Peace Like A River


It was a wide river, mistakable for a lake or even an ocean unless you'd been wading and knew its current. Somehow I'd crossed it... Now I saw the stream regrouped below, flowing on through what might've been vineyards, pastures, orhards... It flowed between and alongside the rivers of people; from here it was no more than a silver wire winding toward the city. - Leif Enger, Peace Like A River

Thursday, June 01, 2006

The terrorists sure have the NYTimes figured out

They know all they have to do is set off a few explosions, kill some people, get themselves killed by the hundreds, and the New York Times will fall in line and start writing editorials like this:

Something has gone alarmingly wrong in Afghanistan, previously touted as the Bush administration's one quasi-successful venture in nation-building. Afghanistan's rising carnage still has not reached Iraq-like levels. But the trend is running in decidedly the wrong direction. Poorly thought-out American policies are at least partly to blame.

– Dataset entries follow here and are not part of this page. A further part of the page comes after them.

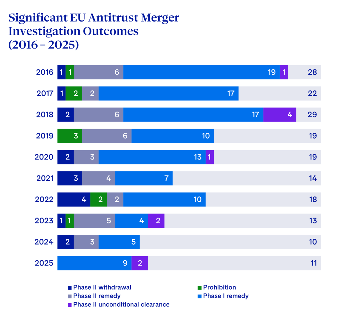 The EU Commission ended 2025 having concluded only 11 significant EU merger investigations, which is roughly in line with 2024’s record-low of 10 over the past 15 years. This small number of significant investigations confirms the downward trend observed over the past few years: the average number of significant investigations fell from 23 in 2016-2020 to 13 in 2021-2025, which represents a decline of over 40%.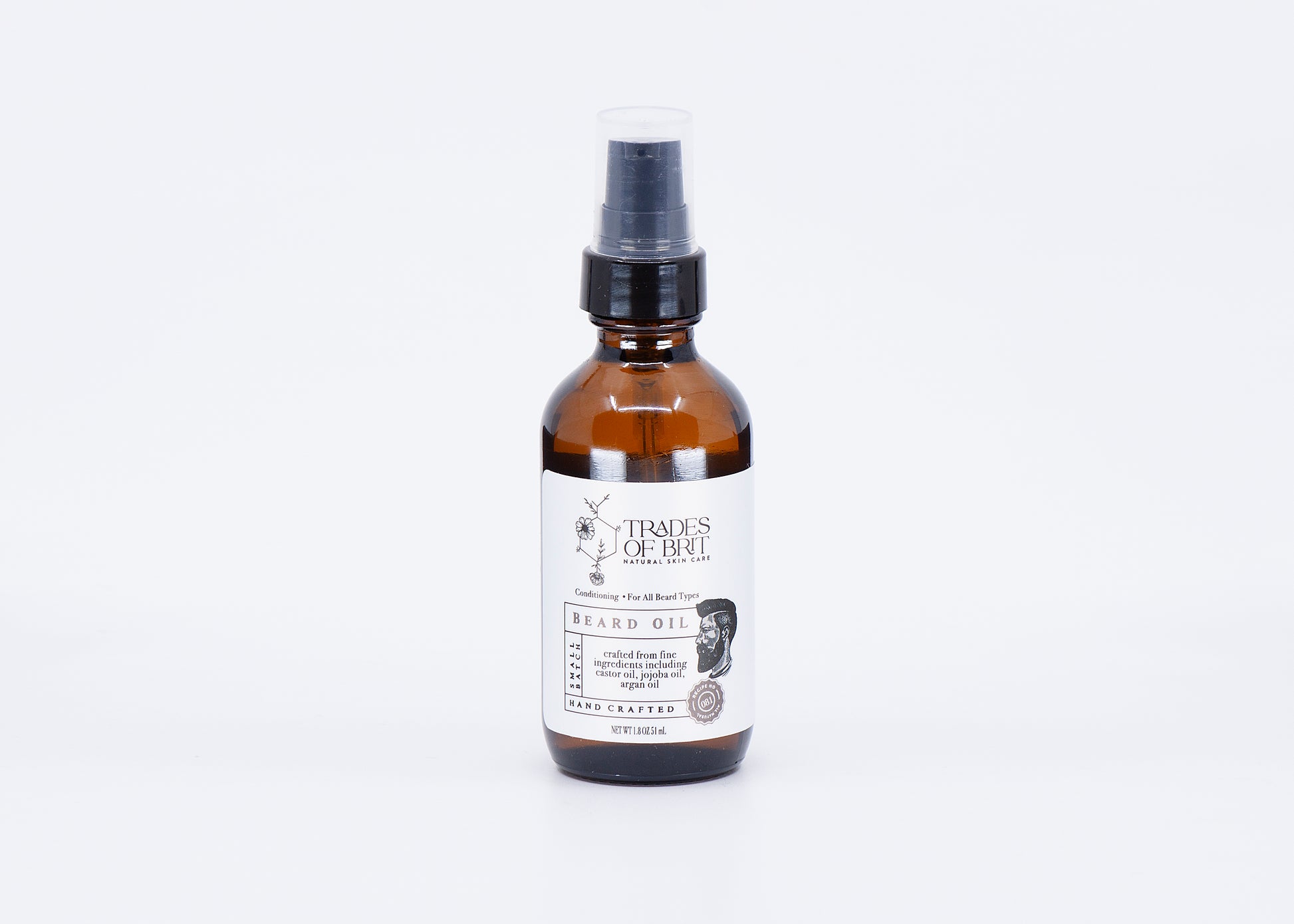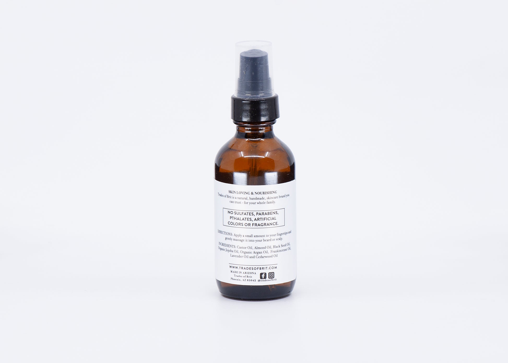 Trades of Brit's beard oil is gently crafted with a blend of castor oil, almond oil, jojoba oil, and argan oil, this formula stimulates the hair follicle, fortifies the root, and encourages the enrichment of hair growth cells.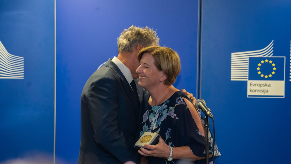 V Hiši EU v Ljubljani so danes podelili nagrado Evropskega parlamenta državljan Evrope za leto 2023, ki jo letos za projekt pomoči 120 ukrajinskim sirotam in beguncem prejme poveljnik regijskega štaba Civilne zaščite za Notranjsko Sandi Curk.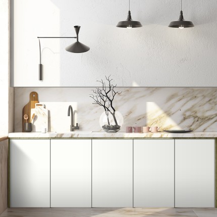Clean white solid color laminate provides versatile, minimalist backdrop for modern kitchens and contemporary interiors. Timeless simplicity meets functional design.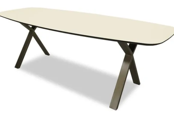 Deze eettafel wordt geleverd met metalen kruispoten in het champagne als tafelpoot. Onder “Kies je extra’s” is het mogelijk om te kiezen voor een andere kleur of een geheel andere tafelpoot.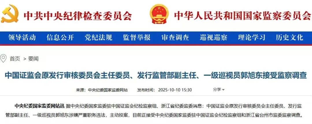据中央纪委国家监委驻中国证监会纪检监察组、浙江省纪委监委消息:中国证监会原发行审核委员会主任委员、发行监管部副主任、一级巡视员郭旭东涉嫌严重职务违法,主动投案,目前正接受中央纪委国家监委驻中国证监会纪检监察组和浙江省台州市监委监察调查。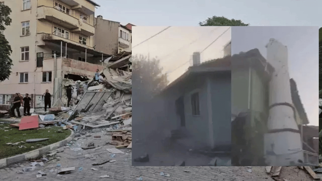 Balıkesir'de 6,1'lik deprem sonucu camii minaresi yıkıldı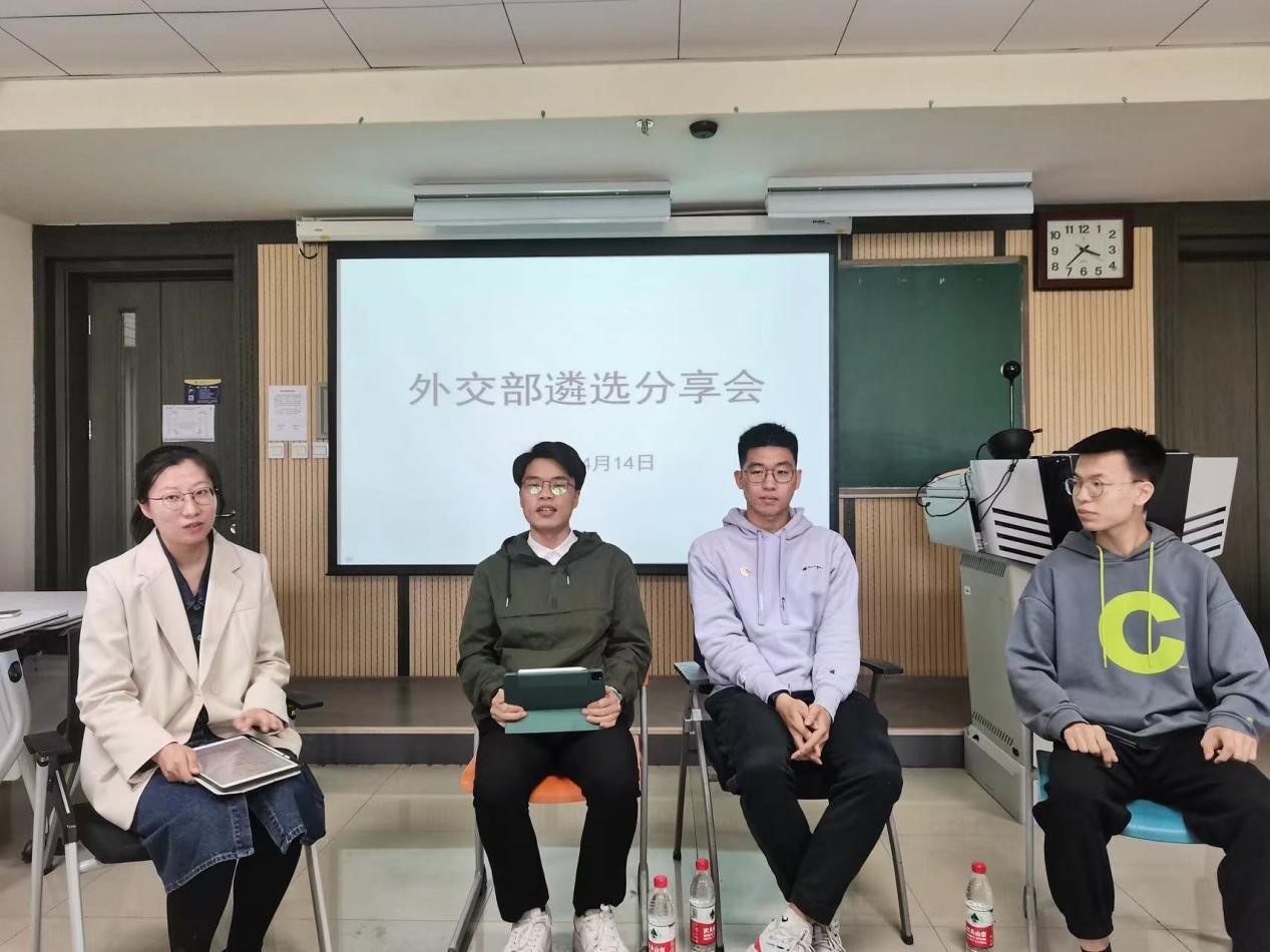 此次分享会首先就遴选前需要了解的问题进行了探讨。三位嘉宾分享了加入外交部的个人意愿以及结合自身的学习情况从语言能力、专业学习和实践等方面分享为遴选考试所做的准备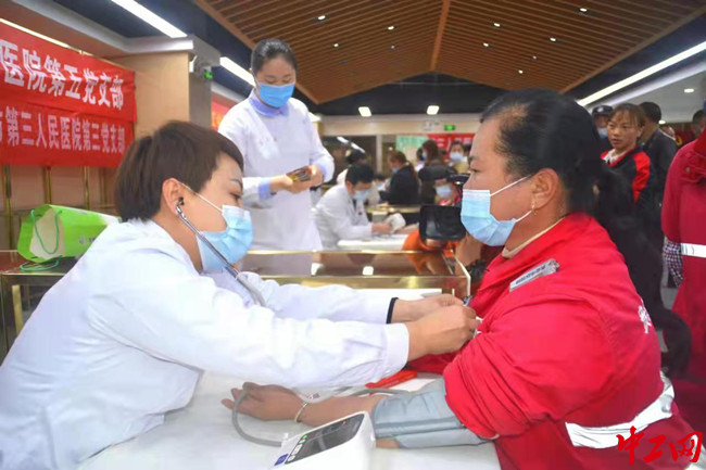 在活动室,第三人民医院医护人员为贵安新区300余名一线职工提供健康保健知识咨询和医疗检查诊断、免费测量血压、血糖等医疗服务,并针对每个职工的情况给予专业的建议和指导,刮痧、拔罐等保健项目,深受女职工欢迎。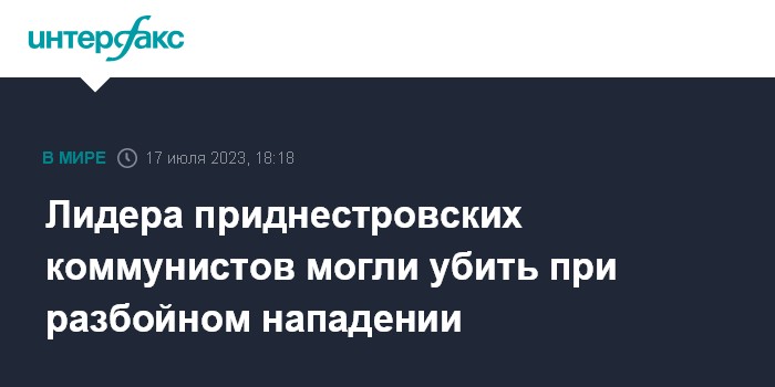 Лидера приднестровских коммунистов могли убить при разбойном нападении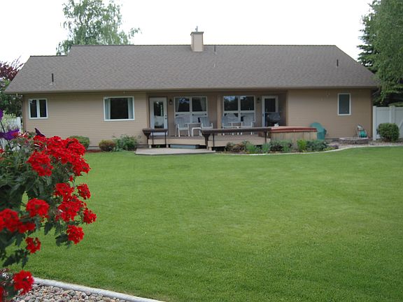 Very well kept 2122 sq.ft. living space with 3 bedrooms and two full baths. Tiled bathrooms and in the master suite heated floors, corian counter tops in both bathrooms. Hardwood floors throughout except in the two guest rooms. Gas forced air heating with Air Conditioning. Three car garage with in floor drain for the winter snow. Large backyard with. big redwood deck and hot tub, back yard is totally fenced in. Fruit trees and plenty of garden space, concrete mowing strips in all of the lawn area. Access to Buffalo Hills golf course.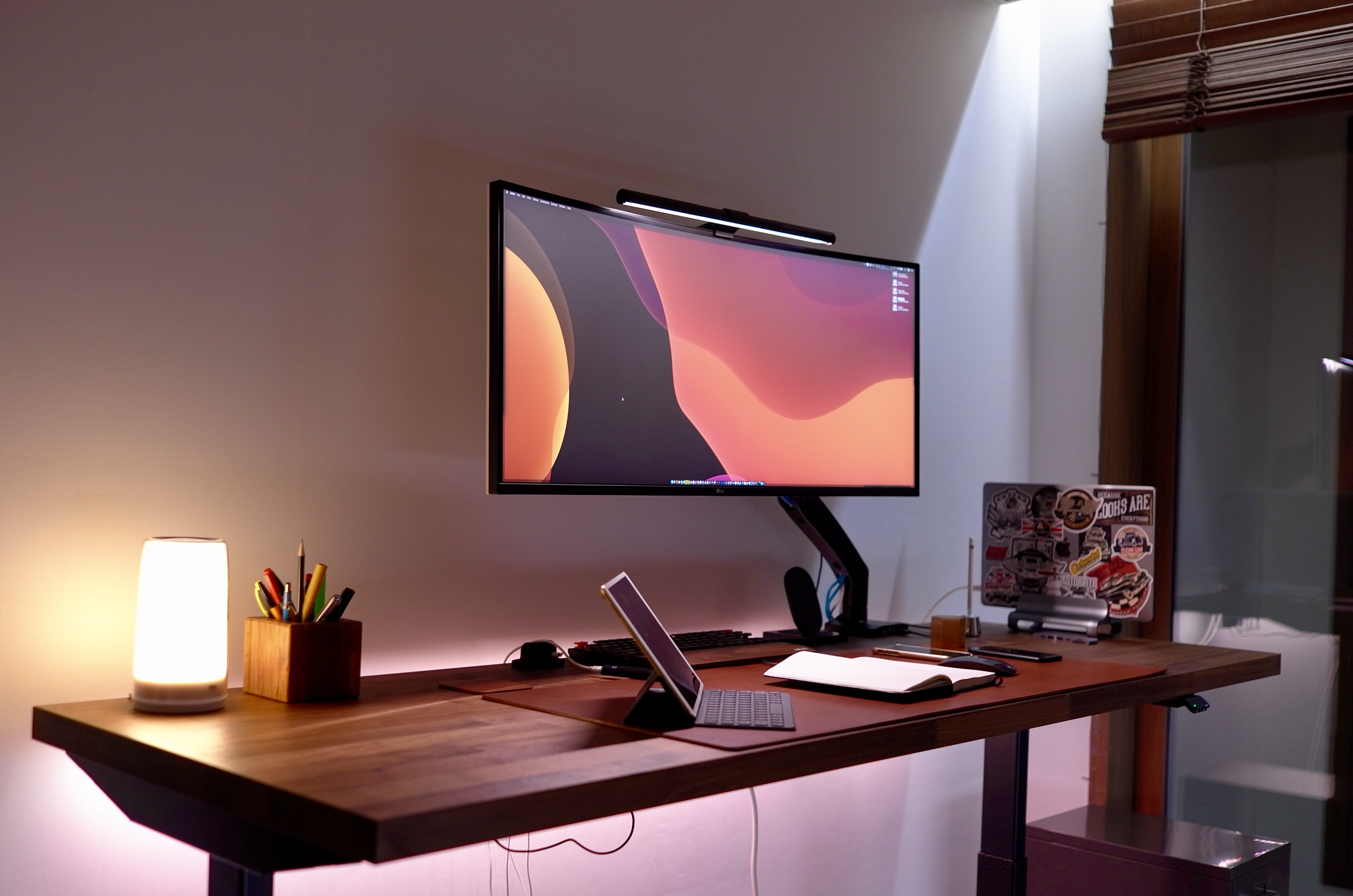 이렇게 2.4미터가 넘는 책상에서 업무를 시작하게 되었다. 1.84m 책상도 충분히 크다고 생각했는데, 마치 모니터 크기처럼 책상은 크면 클수록 좋다. 38인치 모니터를 올리고도 저렇게나 양옆으로 공간이 남는다. 작업할 수 있는 공간이 저렇게 여유가 있으면 정리도 잘되고 컴퓨터, 노트북, 아이패드를 책상에 펼쳐 놓고 사용할 수가 있다.

Is Afghanistan perfect? No. Has Taliban activity been increasing lately, as opposed to last year? Yes. And it's true, the Afghan government's authority is not strong out in the provinces where warlords rule. The drug trade is booming.

But is Afghanistan on the verge of hell and anarchy? Have things "gone alarmingly wrong?" Challenges abound, but, instead of immediately lapsing into defeatism, can we not as a nation toughen our resolve? As Victor Davis Hanson wrote:

What we need, then, are not more self-appointed ethicists, but far more humility and recognition that in this war nothing is easy. Choices have been made, and remain to be made, between the not very good and the very, very bad. Most importantly, so far, none of our mistakes has been unprecedented, fatal to our cause, or impossible to correct.

So let us have far less self-serving second-guessing, and far more national confidence that we are winning — and that radical Islamists and their fascist supporters in the Middle East are soon going to lament the day that they ever began this war.